Глава 17
Доминик
Я жду его в пентхаусе уже не один час. Когда двери лифта распахиваются, я поднимаюсь со стула у кухонной стойки. Он замирает, завидев меня. Под его тесными черными кожаными штанами отчётливо виден стояк. Его челюсти стиснуты, и в целом он выглядит так, будто готов разнести всё вокруг.
И он в этом не одинок.
- Может, блядь, объяснишь, где ты шлялся и почему не отвечал на сообщения?
Он заходит внутрь, тяжелые шаги отдаются гулким эхом, пока он направляется к противоположной от меня стороне стойки.
Нет уж, хрен тебе.
Я перехватываю его у края стойки, хватаю за руку. Ожидаю, что он будет вырываться, может, даже оттолкнет или ударит меня. Но совершенно не ожидаю того, что он развернётся ко мне и уткнётся лицом в мою шею.
Как будто я ему нужен.
Как будто он рад, что я здесь.
А вот ещё больше я не ожидаю того, как быстро угасает мой гнев, когда я обнимаю его в ответ. И того, как… правильно это ощущается.

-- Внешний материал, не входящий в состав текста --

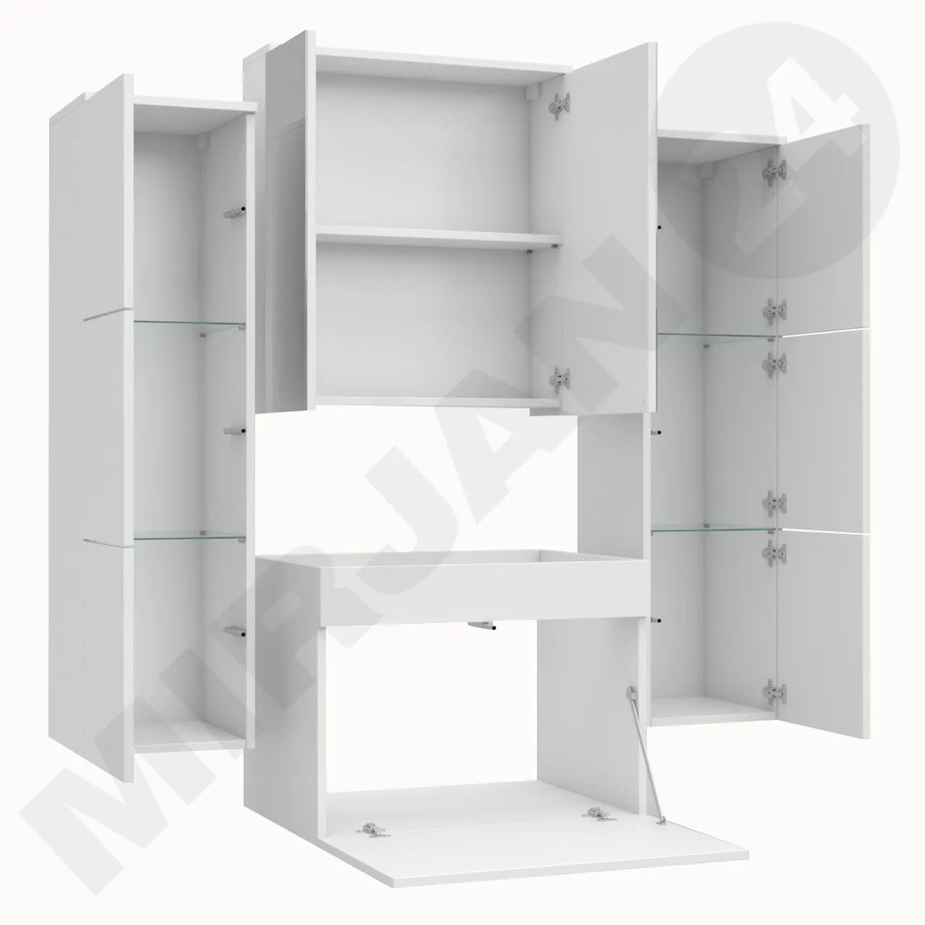 Kúpeľňový nábytok Mandy je funkčným vybavením modernej kúpeľne. Elegantný a efektívny vzhľad a priestranné police zaručujú spokojnosť s používaním.Základom súpravy je závesná skriňa. Systém políc vo vnútri priestrannej skrinky uľahčuje uloženie potrebného príslušenstva alebo uterákov. Ozdobou kúpeľňového nábytku je pôsobivá skriňa so zrkadlom, vďaka ktorej získate diskrétny úložný priestor pre malé predmety. Veľké zrkadlo kúpeľňovej skrinky odráža svetlo a interiér pôsobí útulnejšie. Komplet je doplnený umývadlovou skrinkou s výsuvnými dvierkami.Výberom zaveseného kúpeľňového nábytku dáte svojej kúpeľni charakter a opticky ju zväčšíte. Závesný nábytok navyše uľahčuje udržanie kúpeľne v čistote. Sada kúpeľňového nábytku je vybavená systémom push click, ktorý uľahčuje každodenné používanie.Uvedená cena zahrňuje nasledujúce komponenty:Skrinka 11: šírka: 30 cm, výška: 110 cm, hĺbka: 31 cm, x 2ksSkrinka 13: šírka: 60 cm, výška: 47 cm, hĺbka: 45 cmZrkadlo 14: šírka: 60 cm, výška: 65 cm, hĺbka: 17 cmFarby: možnosť výberu farieb tuPrevedenie:drevotriesková doska laminovaná 15mm,front: MDF,umývadlo z dolomitového konglomerátu ECCE 610 (šírka: 61cm, hĺbka: 46 cm, výška: 14,2cm), možnosť doobjednaniazrkadloOsvetlenie LED biele je zahrnuté v cenes možnosťou dokúpenia umývadlovej batérie,System Push ClickZáručná doba: 24 mesiacov

Мои руки скользят вниз к его пояснице. Я хмурюсь.
- Это ещё что за хрень? — спрашиваю, доставая пистолет из обнаруженной кобуры.
Он продолжает прижиматься ко мне, когда отвечает:
- Пистолет.
- Блядь, да неужели? – кладу его на столешницу. - Ты кого-то убил? Где-то оставил беспорядок?
Он отстраняется, тяжело вздыхает и стягивает с себя кожаную куртку. Кладёт её рядом с пистолетом.
- Рафаэль. Ответь мне.
- Нет, никого не убил. Нет, беспорядка нет.
- Тогда что, черт побери, происходит?
Он идет к кухонному бару, берёт бутылку с одной из подсвеченных полок. Показывает мне этикетку, как бы предлагая.
Я беру два стакана для виски и молча стою рядом, пока он открывает бутылку и наливает нам.
- Я следил за одним типом. Он уже не первый раз появляется в клубе, и был отмечен мной.
- И что это значит?
- Как бы тебе объяснить… Некоторые типы сессий у нас помечаются для мониторинга и контроля — по ключевым словам, действиям или поведению. Иногда просто по человеку, который мне не нравится. Обычно это ничего не значит. Но иногда это сигнал.
- Сигнал о чём?
Он пожимает плечами.
- Что человек опасен. Что с ним нужно разобраться.
Я обдумываю его слова.
- То есть ты используешь секс-клуб, чтобы выслеживать и отлавливать… кого? Хищников?
- Отчасти да.
- Получается, твой клуб – ловушка?
- Да, причем в неё уже не раз кое-кто попадался.
- И ты убиваешь добычу.
Рафаэль поворачивается спиной к стойке и отпивает свой скотч. Он не отвечает, да ему и не нужно. Я видел его в деле, и не раз.
Я спрашиваю:
- А сегодняшний тип – он «ничего» или «сигнал»?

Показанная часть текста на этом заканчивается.